The M5 quite closely follows the route of the A38, the older trunk road it was designed to relieve. The two diverge politely around Bristol: the A38 plunges through the city centre and slips past Bristol Airport, while the M5 keeps its distance, skirting both with access from junctions 18, 19 and 22. The relationship between the two roads is the relationship between modern Britain and its older self - parallel paths, mostly civil, occasionally meeting again at the next town. Junction 15, where the M5 collides with the M4, is a four-level stacked interchange called Almondsbury. It is one of those places where the country's road network briefly resembles a printed circuit board, lifted into the air.

The Avonmouth bottleneck

Between junctions 18 and 19, the motorway crosses the Avonmouth Bridge - a structure that has acquired the unenviable reputation of being the road's most reliable traffic jam. The carriageway narrows at each end of the bridge. The deck kinks in the middle. Heavy lorries lose momentum on the slope, and the long climb up the Gordano hills beyond converts the bridge approach into a slow-motion exercise in lane-change diplomacy. In the early 2000s, the bridge was widened to eight lanes. Soon after, the climbing sections between junctions 17 and 20 became seven-lane split-level carriageways, with four lanes uphill and three coming down. For a brief, head-spinning period during construction, this stretch held the title of Britain's longest contraflow - nine miles of cones and concrete barriers threaded across split-level hillsides.

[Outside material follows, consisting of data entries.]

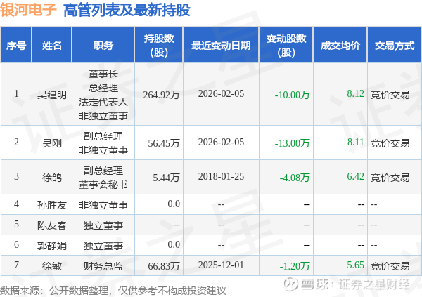 银河电子近半年内的董监高及核心技术人员增减持详情如下:
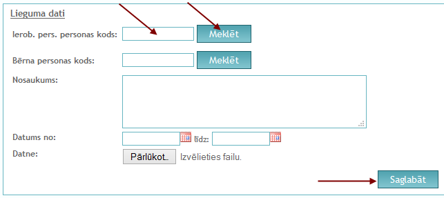 "Ierob. pers. personas kods" - vecāka personas kods (obligāts);
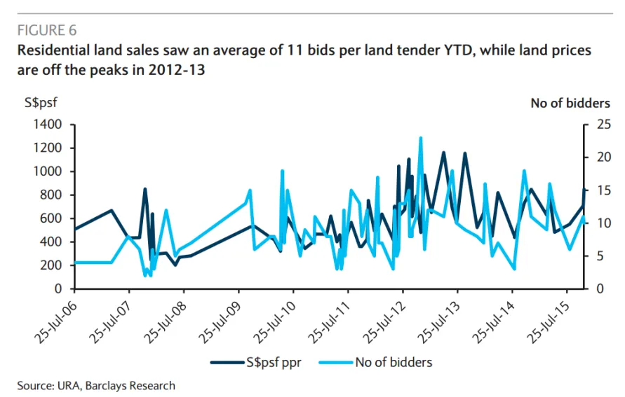 This chart from Barclays shows that land sales remain robust this year despite Singapore’s prevailing property cooling measures.
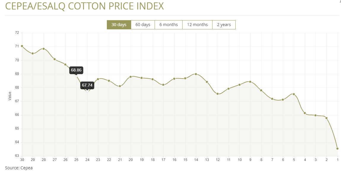 10月10日(周五),巴西CEPEA/ESALQ棉花價(jià)格指數(shù)報(bào)63.54美分/磅,較前一交易日下跌3.39%,較上月同期下跌7.15%。
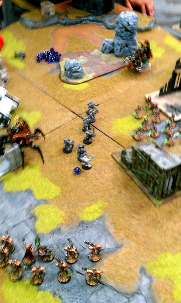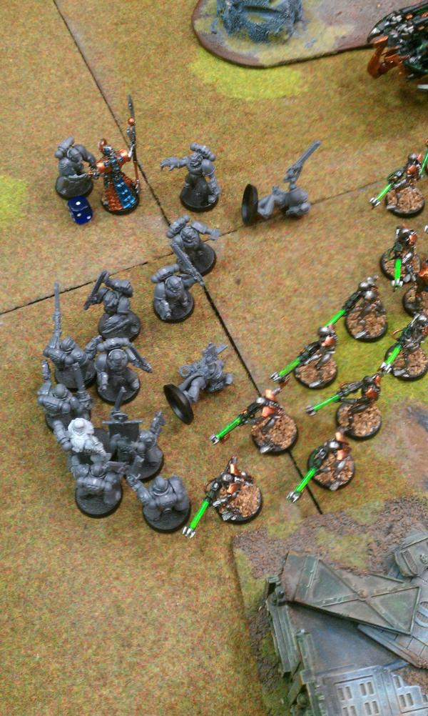 Simultaneously, three annihilation barges, a warrior squad, and the immortals all open fire on the command squad, thanks to strong armor saves and feel no pain, the squad hangs on just barely, their chaplain urging them on to finish the battle!
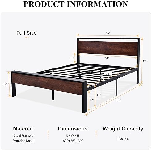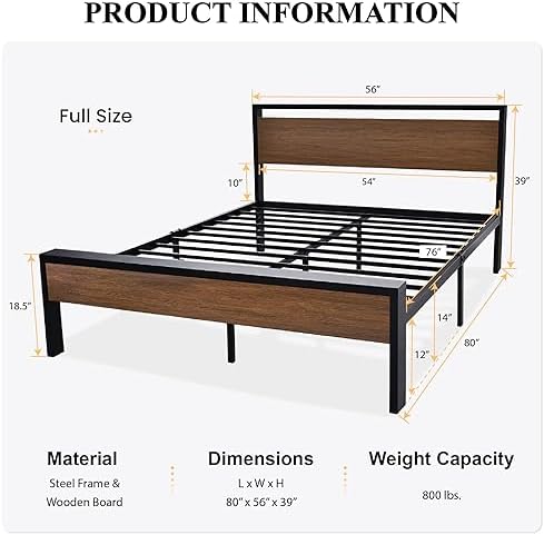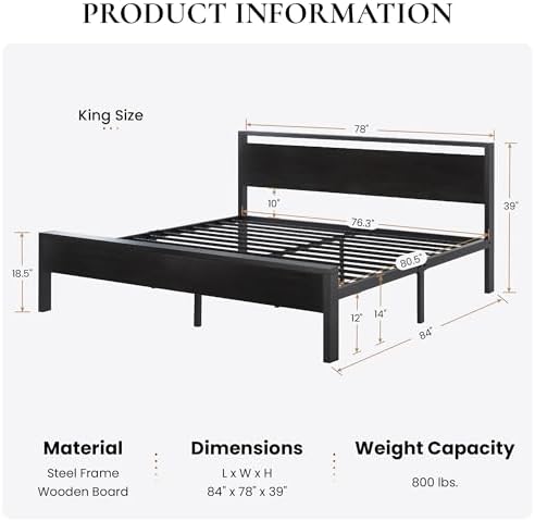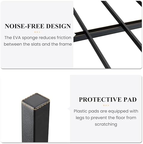 Crafted from a robust metal framework, this bed frame boasts an impressive load-bearing capacity of up to 800 pounds. Its thickened bed feet ensure stability, preventing any unwanted shaking for a restful night’s sleep.

Brent Knoll and the willow man

South of Weston-super-Mare, between junctions 21 and 22, the M5 passes a strange, solitary hill rising abruptly out of the Somerset Levels. This is Brent Knoll, an Iron Age hillfort that looks, from the motorway, like a green pudding upturned on a flat plate. Beyond it the road crosses the western edge of the Mendip Hills. South of junction 23, a figure called the Willow Man stands beside the carriageway - a giant woven sculpture by the artist Serena de la Hey. Once striding boldly across the field, the Willow Man has weathered the years badly: he has lost his head and his arms, and now keeps watch over the motorway like a friendly scarecrow that has had a rough century. Drivers raise children pointing at him.

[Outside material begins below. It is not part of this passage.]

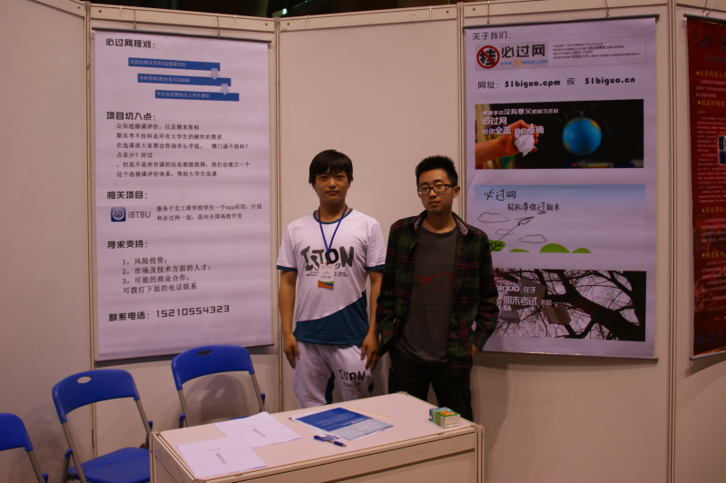 5月24日上午,由北京市教育委員會主辦、北京高校畢業(yè)生就業(yè)指導(dǎo)中心承辦的2013年北京地區(qū)高校大學(xué)生創(chuàng)業(yè)展在中國人民大學(xué)開幕。我校四個創(chuàng)業(yè)項目入選。展會當(dāng)天,我校就業(yè)指導(dǎo)中心主任楊林、負(fù)責(zé)學(xué)生創(chuàng)業(yè)指導(dǎo)工作的卜曉媛與二十余名同學(xué)前往參觀。

Fog, fire, and four-vehicle pileups

The M5 has the unhappy distinction of being one of the most fog-prone motorways in the country. The section between junctions 16 and 18 was lit in around 1973 as part of a national programme to illuminate the eighty-six miles of UK motorway most vulnerable to fog. The danger is real. On the evening of Friday 4 November 2011, in wet, foggy conditions near junction 25 at West Monkton, near Taunton, a chain-reaction collision involving over fifty vehicles claimed seven lives and injured fifty-one others. Fires broke out as fuel ignited. The road surface itself was destroyed by the heat. The crash happened near a firework display, and the inquest into what role smoke and pyrotechnics had played in the disaster preoccupied the country for years. One person was charged under health and safety laws and acquitted.

The traffic that made the road

By 1964, the M5 was planned to end at East Brent, the village beside Brent Knoll. The Somerset county surveyor argued in his annual report that the motorway should go further - past Exeter, into Devon. He won the argument. The road that resulted has become inseparable from the West Country's summer economy: the coaches to Torbay, the caravans to Cornwall, the families making the great migration from the Midlands towards the surf. Locals know to avoid it on Friday afternoons in school holidays. Drivers who must take it on those days have learned to bring snacks, water, and patience. The M5 is, in this sense, a national institution - the country's longest, slowest, most affectionately resented road to the sea.

From the Air

M5 motorway near Bristol at 51.4891 N, 2.6928 W. Best viewed from cruising altitude at 5,000-8,000 ft following the corridor between Birmingham and Exeter. Visual landmarks include the Almondsbury Interchange (M4/M5 stack), the Avonmouth Bridge crossing the Severn estuary, the isolated cone of Brent Knoll, and the Willow Man sculpture near junction 23. Nearest airports: Bristol (EGGD) just west of the route, Gloucestershire (EGBJ) to the north, Exeter (EGTE) at the southern terminus.